DATASET CONTENT:
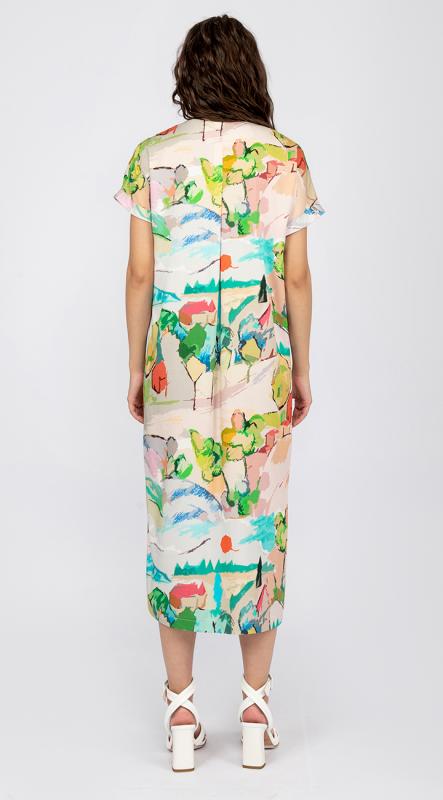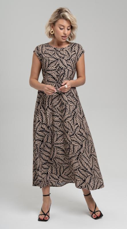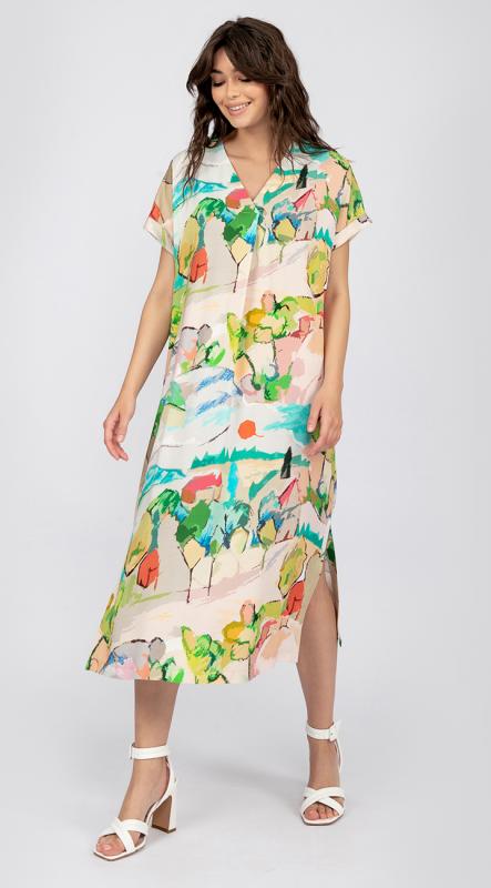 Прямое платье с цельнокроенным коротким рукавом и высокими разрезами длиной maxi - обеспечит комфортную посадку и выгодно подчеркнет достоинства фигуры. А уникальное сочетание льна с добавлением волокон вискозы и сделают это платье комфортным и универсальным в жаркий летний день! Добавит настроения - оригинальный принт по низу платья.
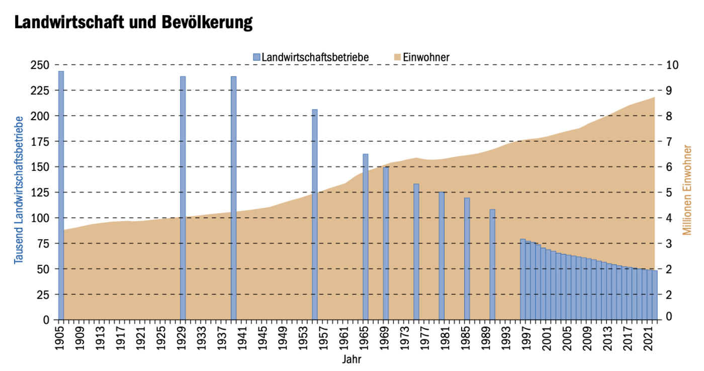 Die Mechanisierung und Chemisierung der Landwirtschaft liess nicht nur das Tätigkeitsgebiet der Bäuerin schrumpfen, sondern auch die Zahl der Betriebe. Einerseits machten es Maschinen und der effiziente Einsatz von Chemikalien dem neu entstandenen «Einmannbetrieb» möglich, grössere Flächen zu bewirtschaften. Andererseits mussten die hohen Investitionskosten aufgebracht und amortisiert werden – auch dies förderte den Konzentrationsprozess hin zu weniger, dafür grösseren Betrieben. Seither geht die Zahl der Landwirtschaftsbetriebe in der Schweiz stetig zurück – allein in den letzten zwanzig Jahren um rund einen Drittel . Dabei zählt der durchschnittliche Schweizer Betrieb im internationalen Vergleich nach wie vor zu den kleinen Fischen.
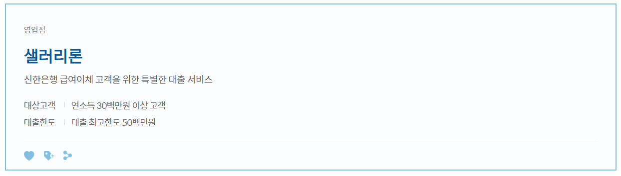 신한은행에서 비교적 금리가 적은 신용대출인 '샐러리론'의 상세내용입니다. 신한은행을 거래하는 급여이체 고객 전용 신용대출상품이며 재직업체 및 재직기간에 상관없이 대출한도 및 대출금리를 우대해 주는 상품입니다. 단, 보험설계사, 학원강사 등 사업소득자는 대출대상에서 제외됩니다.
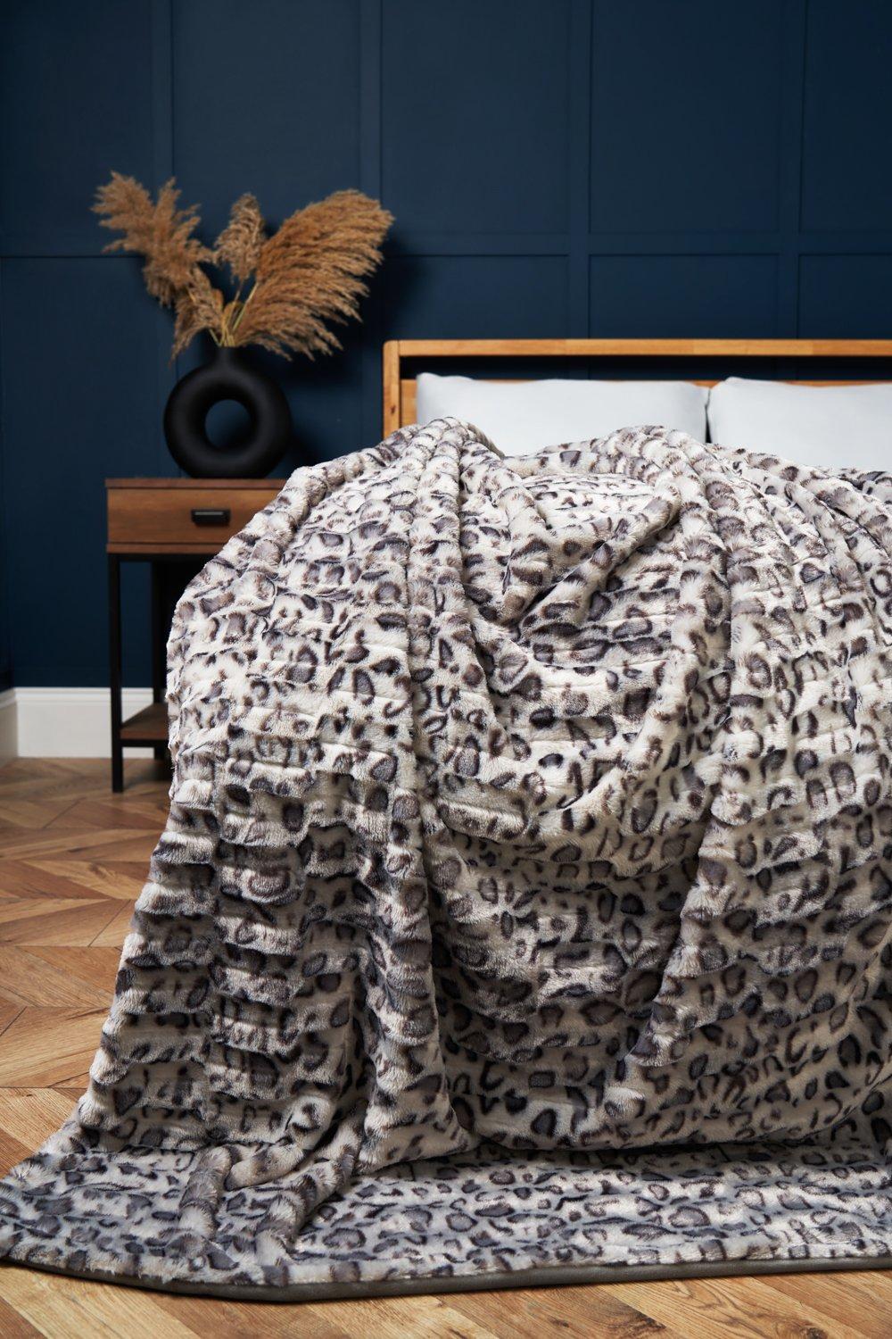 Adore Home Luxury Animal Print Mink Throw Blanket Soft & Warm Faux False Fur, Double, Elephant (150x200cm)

YOUR GOAL: Output the whole listing exactly. Pictures stay out.

WRITTEN ANSWER:
 Прямое платье с цельнокроенным коротким рукавом и высокими разрезами длиной maxi - обеспечит комфортную посадку и выгодно подчеркнет достоинства фигуры. А уникальное сочетание льна с добавлением волокон вискозы и сделают это платье комфортным и универсальным в жаркий летний день! Добавит настроения - оригинальный принт по низу платья.
 Die Mechanisierung und Chemisierung der Landwirtschaft liess nicht nur das Tätigkeitsgebiet der Bäuerin schrumpfen, sondern auch die Zahl der Betriebe. Einerseits machten es Maschinen und der effiziente Einsatz von Chemikalien dem neu entstandenen «Einmannbetrieb» möglich, grössere Flächen zu bewirtschaften. Andererseits mussten die hohen Investitionskosten aufgebracht und amortisiert werden – auch dies förderte den Konzentrationsprozess hin zu weniger, dafür grösseren Betrieben. Seither geht die Zahl der Landwirtschaftsbetriebe in der Schweiz stetig zurück – allein in den letzten zwanzig Jahren um rund einen Drittel . Dabei zählt der durchschnittliche Schweizer Betrieb im internationalen Vergleich nach wie vor zu den kleinen Fischen.
 신한은행에서 비교적 금리가 적은 신용대출인 '샐러리론'의 상세내용입니다. 신한은행을 거래하는 급여이체 고객 전용 신용대출상품이며 재직업체 및 재직기간에 상관없이 대출한도 및 대출금리를 우대해 주는 상품입니다. 단, 보험설계사, 학원강사 등 사업소득자는 대출대상에서 제외됩니다.
 Adore Home Luxury Animal Print Mink Throw Blanket Soft & Warm Faux False Fur, Double, Elephant (150x200cm)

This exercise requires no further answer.